Every line from the one holding "花手水と兵庫スサノオ四社詣りの絵馬" through the one holding "물론 배터리 셀 제조사와" in the data below must be returned exactly, both ends included, with pictures left out and nothing else added.

Data for analysis:
=== Section Start ===
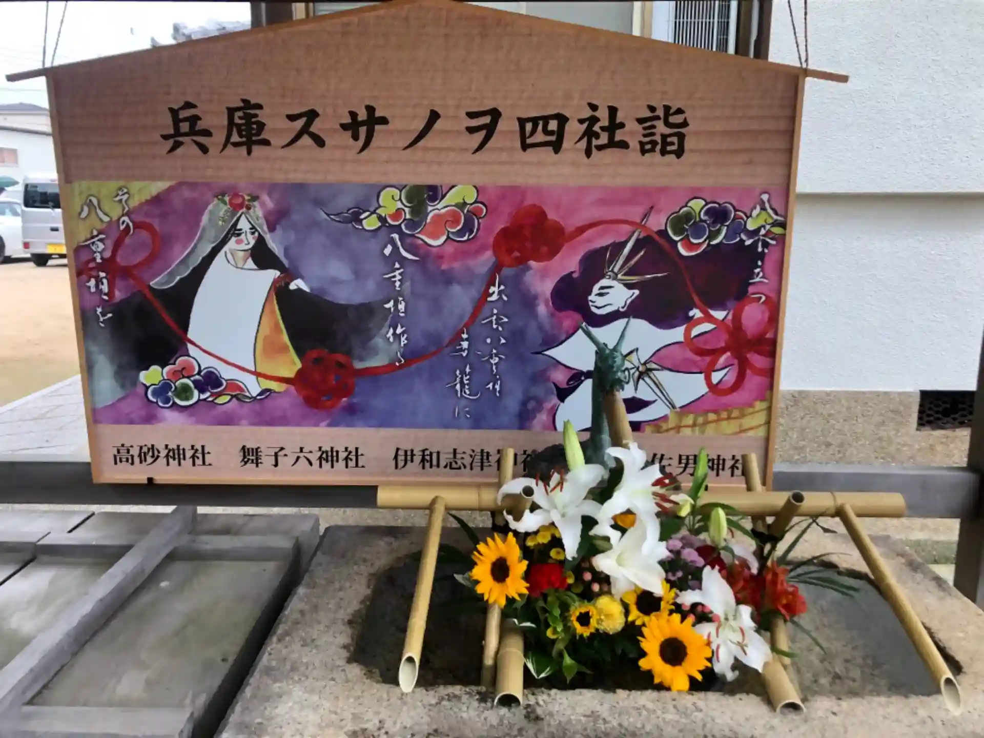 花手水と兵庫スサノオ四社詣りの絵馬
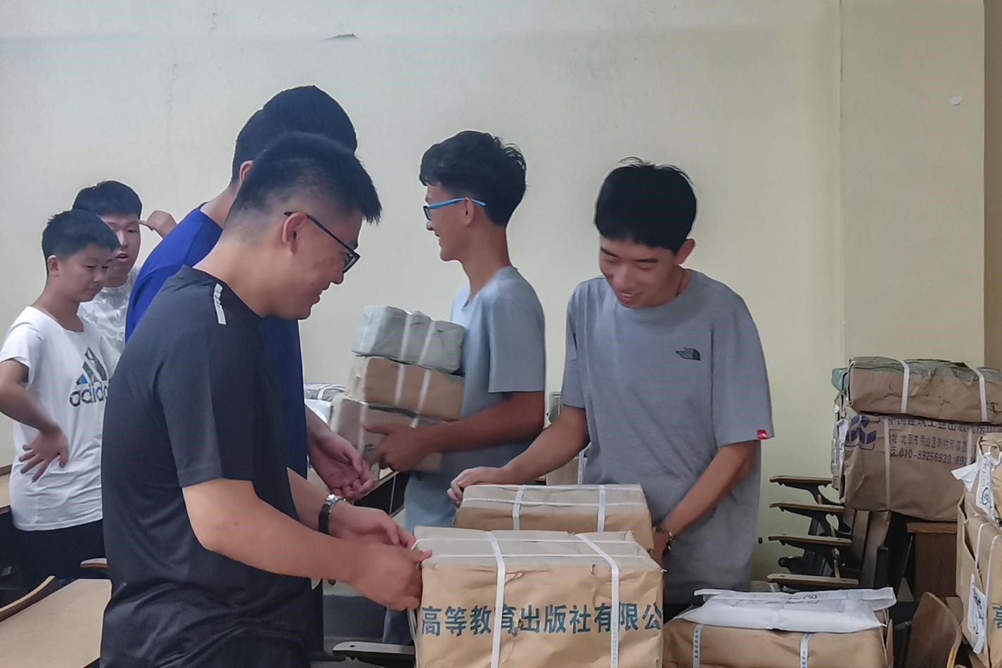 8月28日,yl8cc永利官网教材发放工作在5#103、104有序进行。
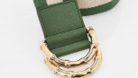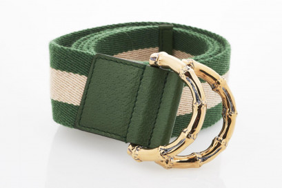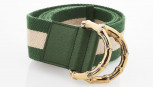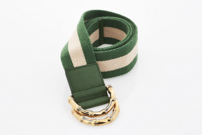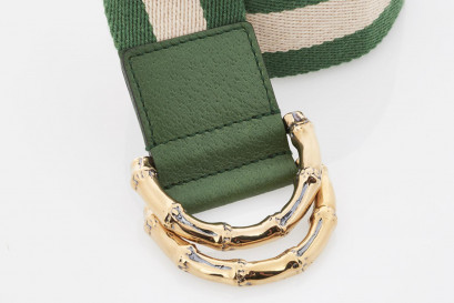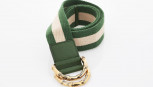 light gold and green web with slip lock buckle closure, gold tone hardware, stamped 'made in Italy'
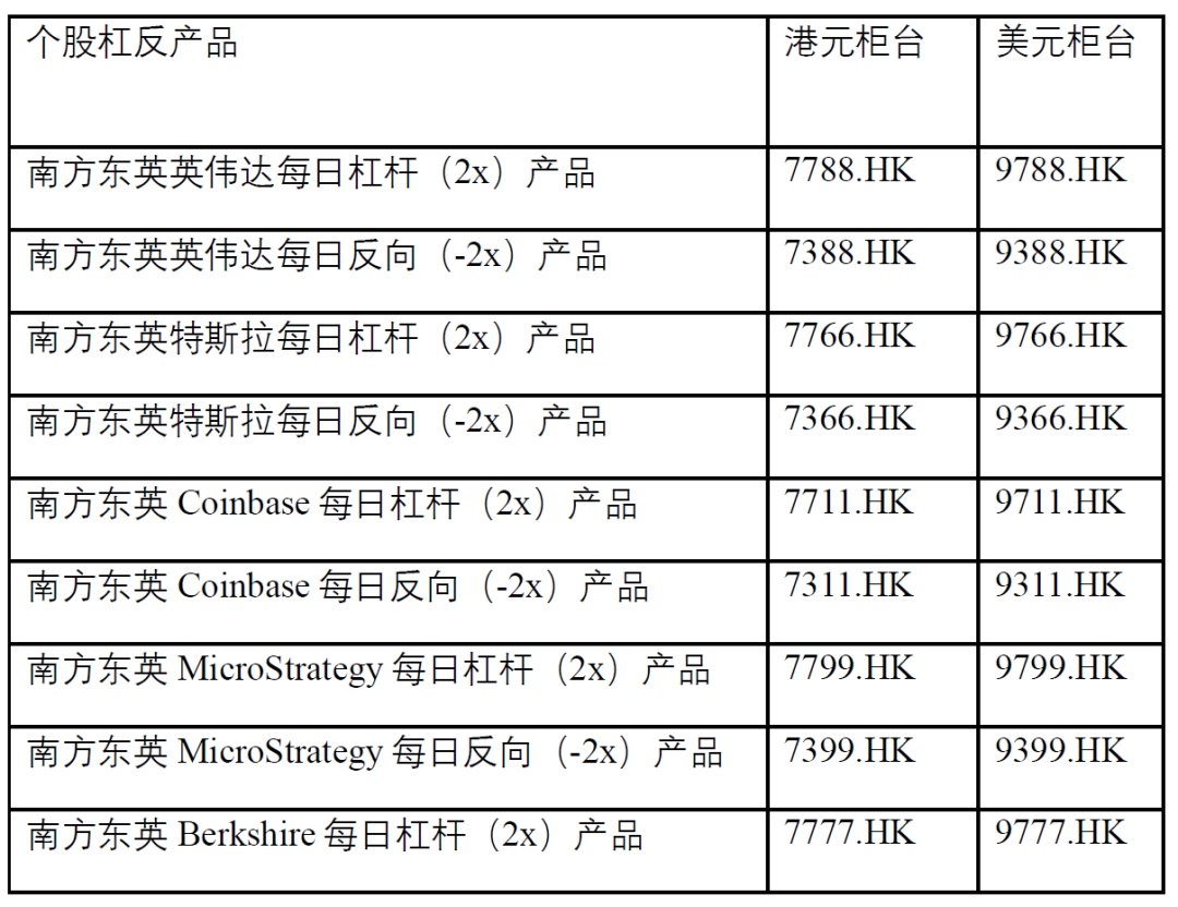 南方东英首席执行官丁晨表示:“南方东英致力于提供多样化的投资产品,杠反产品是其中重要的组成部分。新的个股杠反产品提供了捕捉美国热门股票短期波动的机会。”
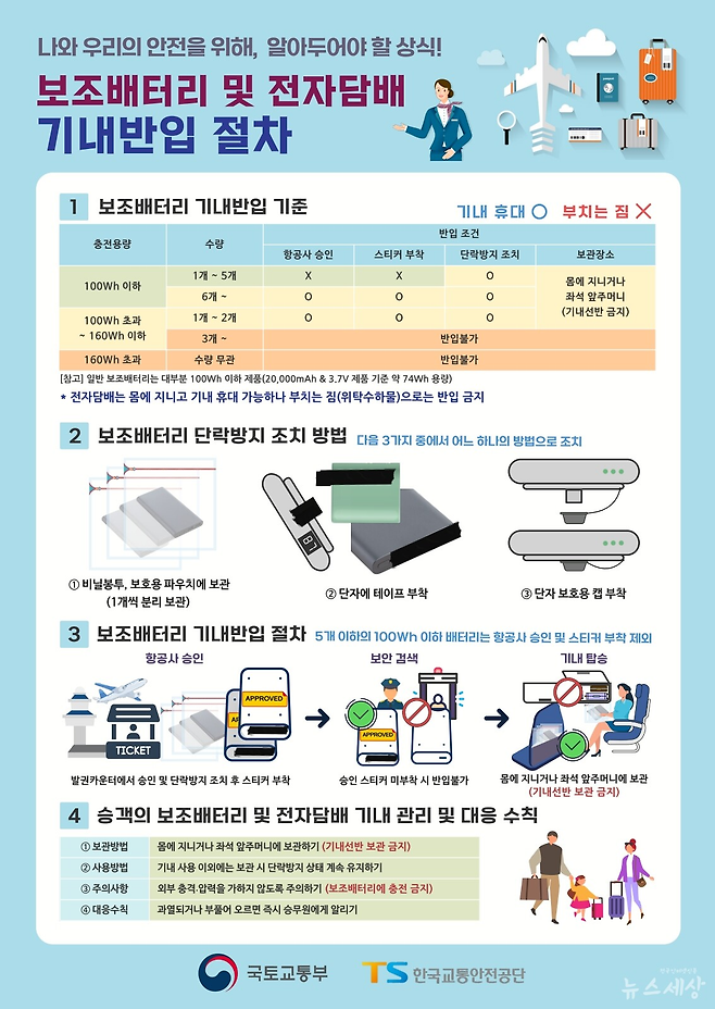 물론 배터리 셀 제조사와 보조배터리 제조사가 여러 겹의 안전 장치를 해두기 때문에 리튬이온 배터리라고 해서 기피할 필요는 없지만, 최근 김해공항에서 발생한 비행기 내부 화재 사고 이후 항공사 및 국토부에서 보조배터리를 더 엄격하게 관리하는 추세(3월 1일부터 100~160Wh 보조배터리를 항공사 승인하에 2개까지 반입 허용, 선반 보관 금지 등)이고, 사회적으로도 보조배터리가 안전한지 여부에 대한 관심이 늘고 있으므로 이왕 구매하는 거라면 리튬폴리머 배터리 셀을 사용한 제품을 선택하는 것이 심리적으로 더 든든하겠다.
=== Section End ===
=== Section Start ===
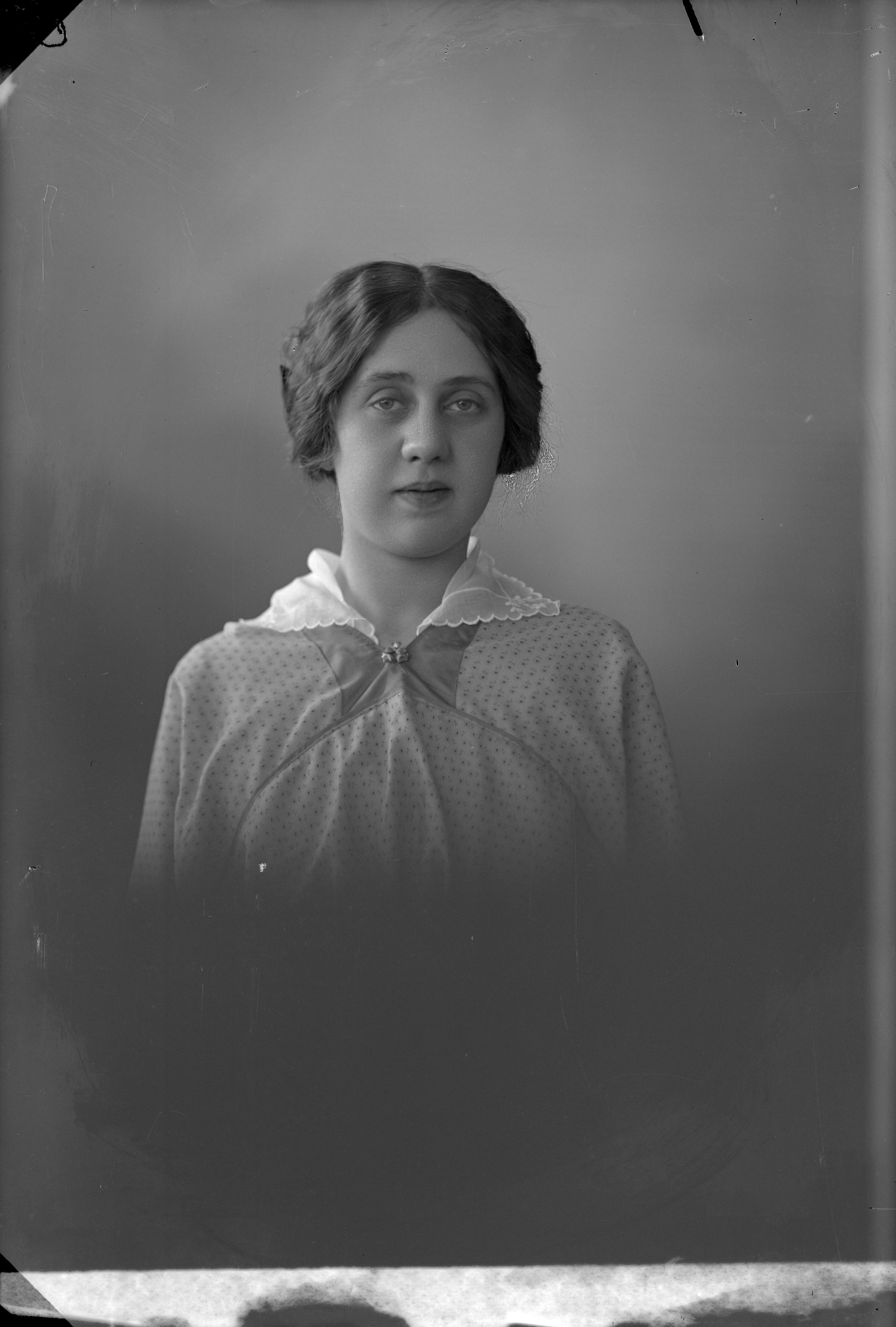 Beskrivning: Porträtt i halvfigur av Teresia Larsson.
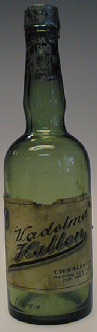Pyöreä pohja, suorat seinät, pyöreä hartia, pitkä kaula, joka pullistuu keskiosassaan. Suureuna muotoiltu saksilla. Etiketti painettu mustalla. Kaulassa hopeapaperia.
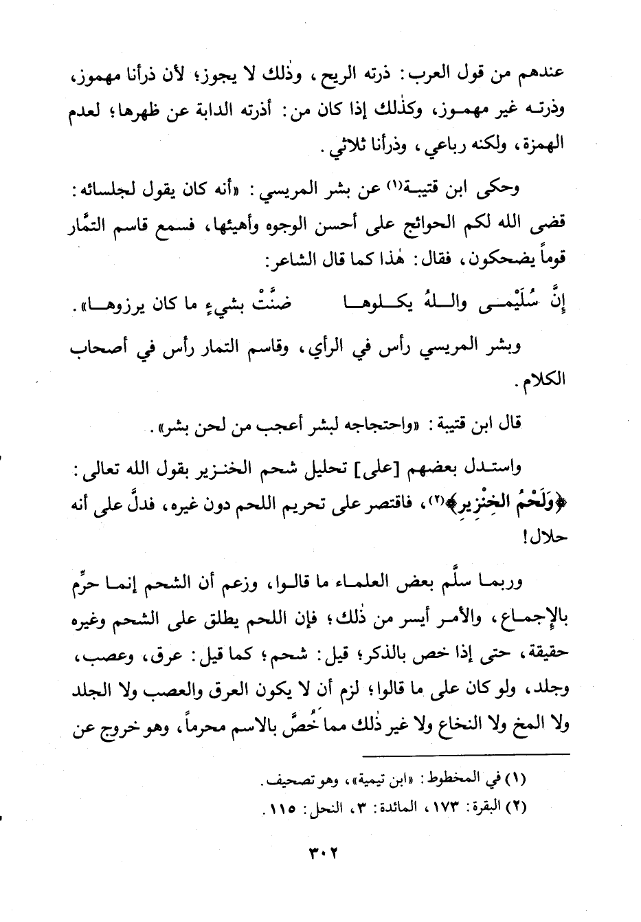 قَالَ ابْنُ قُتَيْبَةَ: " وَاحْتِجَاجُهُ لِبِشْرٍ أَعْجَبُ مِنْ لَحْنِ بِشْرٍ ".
=== Section End ===
=== Section Start ===
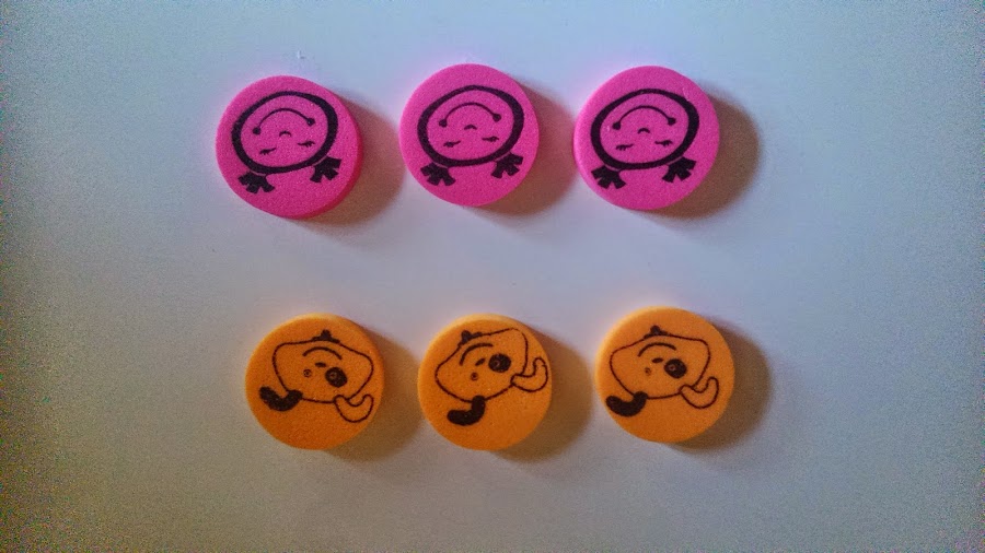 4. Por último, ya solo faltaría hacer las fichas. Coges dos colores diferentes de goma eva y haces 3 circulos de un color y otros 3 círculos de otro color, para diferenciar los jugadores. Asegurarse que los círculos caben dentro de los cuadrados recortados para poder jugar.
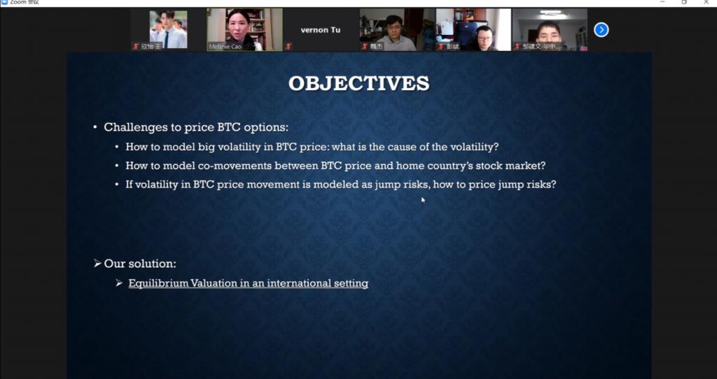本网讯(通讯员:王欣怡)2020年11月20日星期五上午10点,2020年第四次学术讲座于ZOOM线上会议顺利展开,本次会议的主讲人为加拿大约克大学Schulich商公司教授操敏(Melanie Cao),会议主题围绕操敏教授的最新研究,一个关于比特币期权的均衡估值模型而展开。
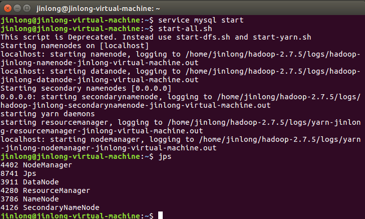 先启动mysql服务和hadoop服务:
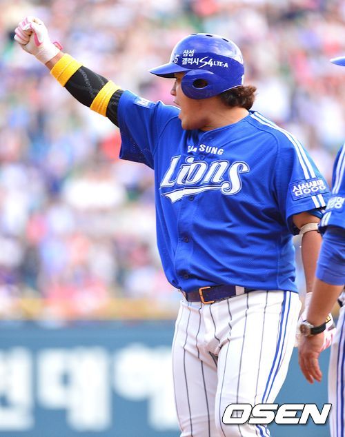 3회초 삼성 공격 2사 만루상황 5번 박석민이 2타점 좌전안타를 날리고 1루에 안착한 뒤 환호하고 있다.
=== Section End ===
Output:
 花手水と兵庫スサノオ四社詣りの絵馬
 8月28日,yl8cc永利官网教材发放工作在5#103、104有序进行。
 light gold and green web with slip lock buckle closure, gold tone hardware, stamped 'made in Italy'
 南方东英首席执行官丁晨表示:“南方东英致力于提供多样化的投资产品,杠反产品是其中重要的组成部分。新的个股杠反产品提供了捕捉美国热门股票短期波动的机会。”
 물론 배터리 셀 제조사와 보조배터리 제조사가 여러 겹의 안전 장치를 해두기 때문에 리튬이온 배터리라고 해서 기피할 필요는 없지만, 최근 김해공항에서 발생한 비행기 내부 화재 사고 이후 항공사 및 국토부에서 보조배터리를 더 엄격하게 관리하는 추세(3월 1일부터 100~160Wh 보조배터리를 항공사 승인하에 2개까지 반입 허용, 선반 보관 금지 등)이고, 사회적으로도 보조배터리가 안전한지 여부에 대한 관심이 늘고 있으므로 이왕 구매하는 거라면 리튬폴리머 배터리 셀을 사용한 제품을 선택하는 것이 심리적으로 더 든든하겠다.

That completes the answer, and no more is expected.